The Descendants is, in a way, your quintessential indie film. You've got Clooney as the charismatic and cantankerous, conflicted lead. There are his troubled, rambunctious daughters who actually provide quite remarkable performances. The plot and setting are both centered around the practical reality of Hawaii instead of our idealized Eden. Then there is Clooney's wife. She's in a coma, having suffered a boating accident that has seemingly brought her life to an end. What unfolds as a result is both terrifyingly visceral and human as well as poignant and funny. It was, though, not a soft and rolling ride.
I really enjoyed the film but I seemed to stand alone in my assessment. My better half didn't really have the wherewithal for this film, especially on Xmas. Her sis was more open to it's tale, with their mother falling closer to my sensibilities. The general consensus, mine included, was that there too little in the movie that served as relief from the soul-crushing sadness. There were times the movies was proudly genuine and heartbreaking. The trailers sold it as more of a quirky comedy, and while there were the occasional moments of levity they were few and far between. A bit more humour would have brought balance to the sine wave of emotional resonance.
Please don't take my callous take on the movie as a total dismissal. There were some great, powerful moments. In particular, Clooney is on fire here as a father, as are the girls playing his daughters. There is a scene early on where he confronts some friends about the futility of his wife's situation that gave me chills due to his delivery, which should be credited to the writer as well. The end was terribly sad, but genuine and believable. It's not a full-on uplifting movie, but The Descendants was a human story with a lot of heart that cut thought the noise and clutter of the holiday offerings by granting peace and silence in its emotional story. Check it out, if you're interested.

11.22.2011

All Right, Place

I'm facing the end of an era and I'm okay with it. 

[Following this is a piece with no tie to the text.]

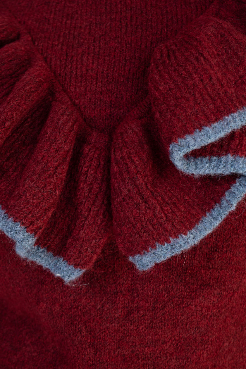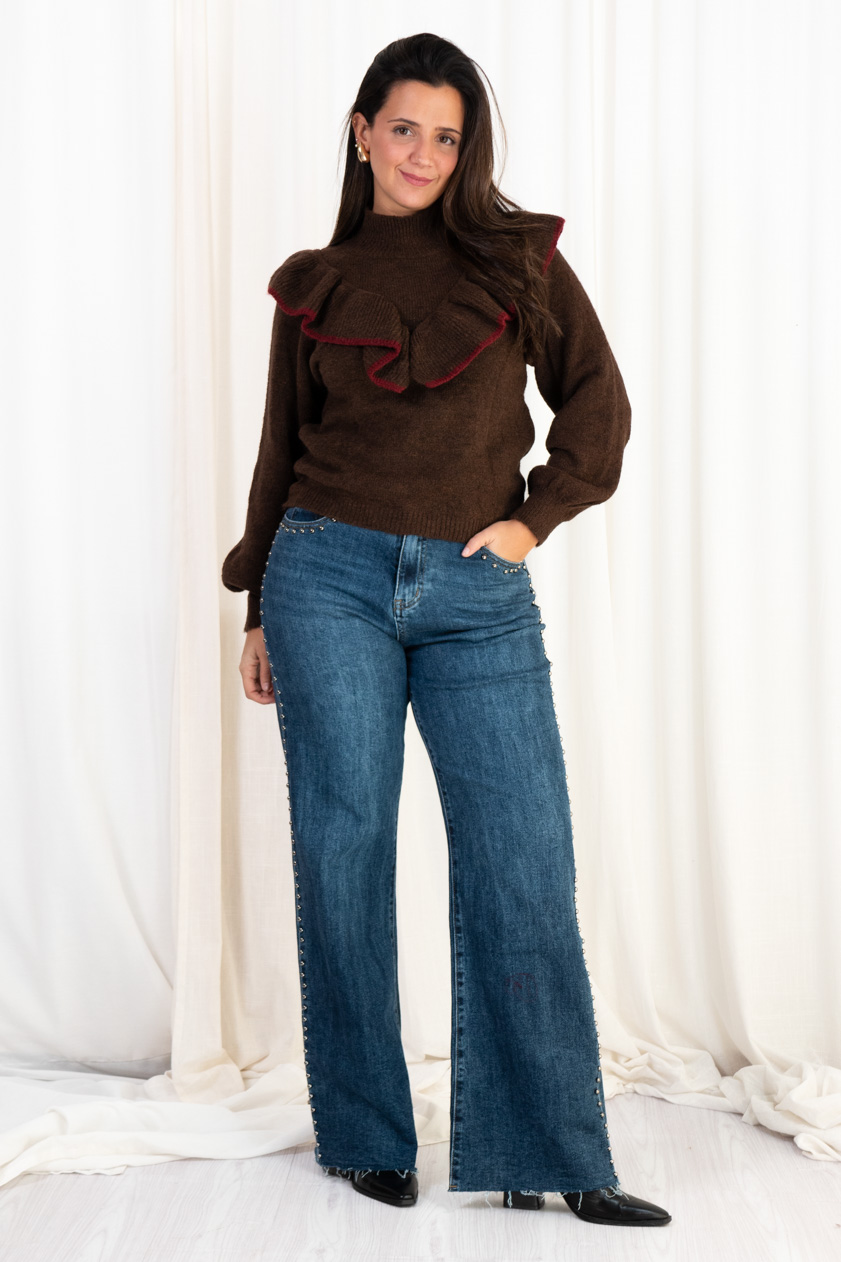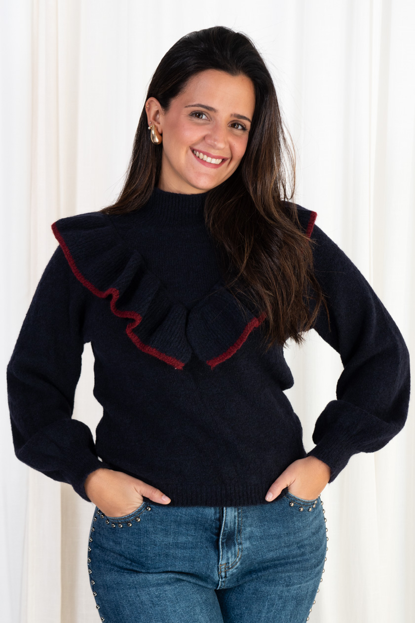 Jersey confeccionado en tejido de punto con volantes en la parte superior. Cuello, puños y parte inferior acanalado. Talla única, sirve para S, M y L. Composición: 68% acrílico, 12% poliéster, 10% nylon, 7% lana, 3% spandex.

It's a personal era, I should clarify. For the last five years I've called Uptown my home. I've had fantastic times here - amazing memories with my better half. Crazy nights out. Adventures with friends. I've seen shows that were to die for. Block parties that enveloped the entire neighborhood. I got engaged here. We got married here. I've seen landmarks come and go. I still miss the Uptown Bar. It's not a bad thing, this change. It's a necessary one. As I've grown older, the world has changed around me. Most of my friends have moved away or moved to the suburbs. I don't go out as much, these days. While I love the accessibility and convenience of the stores and night-life, I'm tired of dudes on motorcycles roaring past my place all night during the summer. Makes it hard to have a conversation some times. I'm ready to go, but that doesn't mean I'm not feeling a little sad about leaving a place I've called home for the better part of a decade. 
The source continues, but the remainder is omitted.